_Exercise directions_. Given the material below, output exactly the lines from the line with "この製品はカットソーであるこ" to the line with "Москва. 2 ноября.", both ends included, and no other lines.

_Provided records_.
==*==

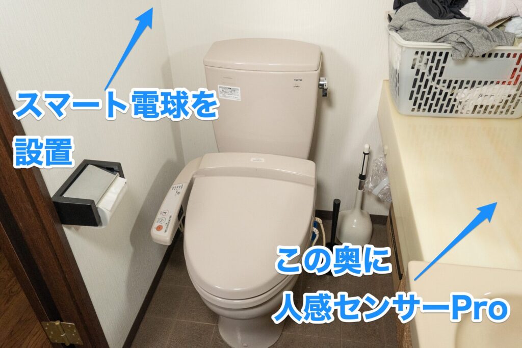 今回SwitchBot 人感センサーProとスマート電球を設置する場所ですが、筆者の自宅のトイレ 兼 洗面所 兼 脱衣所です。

==*==

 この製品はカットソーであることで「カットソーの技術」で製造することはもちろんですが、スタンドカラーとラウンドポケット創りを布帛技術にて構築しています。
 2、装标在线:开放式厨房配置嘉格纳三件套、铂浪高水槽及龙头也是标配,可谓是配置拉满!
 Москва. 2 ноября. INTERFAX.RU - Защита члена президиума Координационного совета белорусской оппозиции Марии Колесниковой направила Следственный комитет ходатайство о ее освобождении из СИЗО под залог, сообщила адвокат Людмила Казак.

==*==

_Response_.
 この製品はカットソーであることで「カットソーの技術」で製造することはもちろんですが、スタンドカラーとラウンドポケット創りを布帛技術にて構築しています。
 2、装标在线:开放式厨房配置嘉格纳三件套、铂浪高水槽及龙头也是标配,可谓是配置拉满!
 Москва. 2 ноября. INTERFAX.RU - Защита члена президиума Координационного совета белорусской оппозиции Марии Колесниковой направила Следственный комитет ходатайство о ее освобождении из СИЗО под залог, сообщила адвокат Людмила Казак.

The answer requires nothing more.